Color just first on day of broken barriers

April 14, 1997|By John Eisenberg

AUGUSTA, Ga. -- It was supposed to be a story about a color barrier coming down, about a minority golfer winning the Masters for the first time.

That, it was; the social implications of Tiger Woods' victory yesterday at Augusta National are what makes it one of the most important stories of this or any year in sports.

Coming up the 18th fairway, Woods said a prayer of thanks for the African-American golfers who had come before him, then had the grace to tell reporters he wasn't the pioneer.

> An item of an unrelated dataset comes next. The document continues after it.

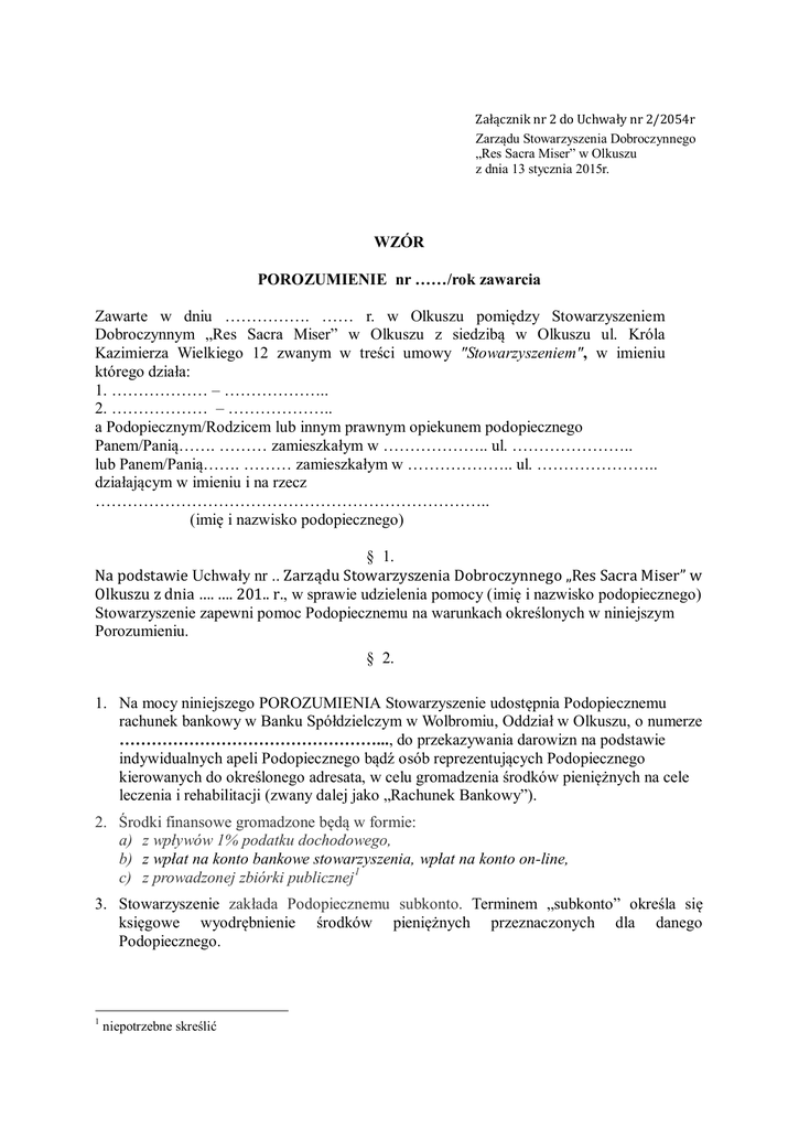 Załącznik nr 2 do Uchwały nr 2/2054r Zarządu Stowarzyszenia Dobroczynnego „Res Sacra Miser” w Olkuszu z dnia 13 stycznia 2015r. WZÓR POROZUMIENIE nr ……/rok zawarcia Zawarte w dniu ……………. …… r. w Olkuszu pomiędzy Stowarzyszeniem Dobroczynnym „Res Sacra Miser” w Olkuszu z siedzibą w Olkuszu ul. Króla Kazimierza Wielkiego 12 zwanym w treści umowy "Stowarzyszeniem", w imieniu którego działa: 1. ……………… – ……………….. 2. ……………… – ……………….. a Podopiecznym/Rodzicem lub innym prawnym opiekunem podopiecznego Panem/Panią……. ……… zamieszkałym w ……………….. ul. ………………….. lub Panem/Panią……. ……… zamieszkałym w ……………….. ul. ………………….. działającym w imieniu i na rzecz ……………………………………………………………….. (imię i nazwisko podopiecznego) § 1. Na podstawie Uchwały nr .. Zarządu Stowarzyszenia Dobroczynnego „Res Sacra Miser” w Olkuszu z dnia …. …. 201.. r., w sprawie udzielenia pomocy (imię i nazwisko podopiecznego) Stowarzyszenie zapewni pomoc Podopiecznemu na warunkach określonych w niniejszym Porozumieniu. § 2. 1. Na mocy niniejszego POROZUMIENIA Stowarzyszenie udostępnia Podopiecznemu rachunek bankowy w Banku Spółdzielczym w Wolbromiu, Oddział w Olkuszu, o numerze …………………………………………..., do przekazywania darowizn na podstawie indywidualnych apeli Podopiecznego bądź osób reprezentujących Podopiecznego kierowanych do określonego adresata, w celu gromadzenia środków pieniężnych na cele leczenia i rehabilitacji (zwany dalej jako „Rachunek Bankowy”). 2. Środki finansowe gromadzone będą w formie: a) z wpływów 1% podatku dochodowego, b) z wpłat na konto bankowe stowarzyszenia, wpłat na konto on-line, c) z prowadzonej zbiórki publicznej 1 3. Stowarzyszenie zakłada Podopiecznemu subkonto. Terminem „subkonto” określa się księgowe wyodrębnienie środków pieniężnych przeznaczonych dla danego Podopiecznego. 1 niepotrzebne skreślić § 2. Z tytułu udostępnienia Rachunku Bankowego oraz obsługi księgowej wpływów i rozchodów środków pieniężnych oraz innych kosztów Stowarzyszenie pobierze 10 % zebranej kwoty z przeznaczeniem na pokrycie kosztów i na cele statutowe Stowarzyszenia. § 3. Stowarzyszenie posiada status organizacji pożytku publicznego. Wpłaty 1% podatku Stowarzyszenie przyjmuje wg zasad Ustawy z dnia 24.04.2003 r. o działalności pożytku publicznego i o wolontariacie (tekst jednolity z 2010 Dz. U. nr 234, poz. 1536 z późn. zm.). § 5. 1. Środki pieniężne zgromadzone na subkoncie założonym dla podopiecznego wydatkowane będą w oparciu o Regulamin udzielania pomocy społecznej na cele leczenia i rehabilitacji Podopiecznym Stowarzyszenia Dobroczynnego „Res Sacra Miser” w Olkuszu. 2. Stowarzyszenie nie ponosi odpowiedzialności za żadne zobowiązania zaciągnięte przez Podopiecznego/Rodzica lub innego prawnego opiekuna podopiecznego nieuzgodnione z księgową lub z Zarządem Stowarzyszenia. 3. W sytuacjach szczególnych Stowarzyszenie może odstąpić od wymogów regulaminu jednak wówczas decyzję o wypłacie środków podejmuje Zarząd Stowarzyszenia. § 6. Podopieczny / Rodzic lub inny prawny opiekun Podopiecznego, będąc świadomym odpowiedzialności za podawanie fałszywych danych oświadcza, że podawane przez niego we wniosku o udzielenie pomocy społecznej i załączonej do niego dokumentacji informacje są zgodne ze stanem faktycznym. § 7. W sprawach nieuregulowanych POROZUMIENIEM mają zastosowanie przepisy Kodeksu Cywilnego i Kodeksu Rodzinnego. § 8. Nieprzestrzeganie przez którąkolwiek ze Stron ustaleń zawartych w POROZUMIENIU powoduje możliwość jego wypowiedzenia z zachowaniem jednomiesięcznego okresu wypowiedzenia. § 9. Środki pieniężne znajdujące się na subkoncie Podopiecznego mogą być, w wypadku rozwiązania POROZUMIENIA, lub upływu terminu, na które zostało zawarte, przekazane na subkonto Podopiecznego (otwarte na te same cele) do innej organizacji pozarządowej wskazanej przez Podopiecznego/Rodzica lub innego prawnego opiekuna Podopiecznego lub przy braku takiego wskazania, w ciągu trzech miesięcy – zostaną przeksięgowane na inne cele statutowe Stowarzyszenia. § 10. Niniejsze POROZUMIENIE zostało sporządzone egzemplarzach, po jednym dla każdej ze stron. w dwóch jednobrzmiących § 11. Zmiana POROZUMIENIA wymaga formy pisemnej zastrzeżonej pod rygorem nieważności. § 12. POROZUMIENIE zawarto na czas nieokreślony/na czas od ………. …………… …….. r. ….. r.. do § 13. 1. Każda ze stron może rozwiązać POROZUMIENIE z zachowaniem jednomiesięcznego terminu wypowiedzenia. 2. Każda ze stron może wypowiedzieć Porozumienie ze skutkiem natychmiastowym w przypadku nie wywiązania się przez drugą Stronę z zobowiązań wynikających z Porozumienia i Regulaminu. § 14. Integralną częścią niniejszego porozumienia jest zaakceptowany przez Podopiecznego/ Rodzica lub innego prawnego opiekuna Podopiecznego Regulamin udzielania pomocy społecznej na cele leczenia i rehabilitacji Podopiecznym Stowarzyszenia Dobroczynnego „Res Sacra Miser” w Olkuszu. § 15. POROZUMIENIE wchodzi w życie z dniem jego podpisania przez strony. ……………………………………….... ..................................................................... Podpisy osób upoważnionych do składania oświadczeń woli w imieniu Stowarzyszenia Podpis Podopiecznego/Rodzica lub innego prawnego opiekuna Podopiecznego Wyrażam zgodę na przetwarzanie moich danych osobowych oraz danych osobowych Podopiecznego zgodnie z ustawą z dnia 29 sierpnia 1997 r. o ochronie danych osobowych (t.j. Dz. U. z 2014 r. poz. 1182 z późn. zm.) w celu realizacji niniejszego Porozumienia. Administratorem danych osobowych w rozumieniu ww. ustawy jest Stowarzyszenie Dobroczynne „Res Sacra

But as deeply moving and important as all that surely was, it was dwarfed in the end by his golf.

The fact that an African-American golfer won the Masters is remarkable, but the way he won was even more remarkable.

Woods didn't just win; he put on a four-day display of skill, nerves and mental discipline that ranks with the best performances of any athlete in any sport.

He shot the lowest score in the history of the Masters, a tournament that began in 1934.

He became the tournament's youngest winner; at 21, he was supposed to be a senior at Stanford.

And he won by 12 shots, for crying out loud!

Only once before has a golfer won a major by so much: That was Old Tom Morris, who took the British Open by 13 strokes in '62.

And that's 1862, sports fans, not 1962.

That's right, Woods' performance was so historic that he was challenging a record set during Abraham Lincoln's presidency.

That's just before Cal Ripken's streak started.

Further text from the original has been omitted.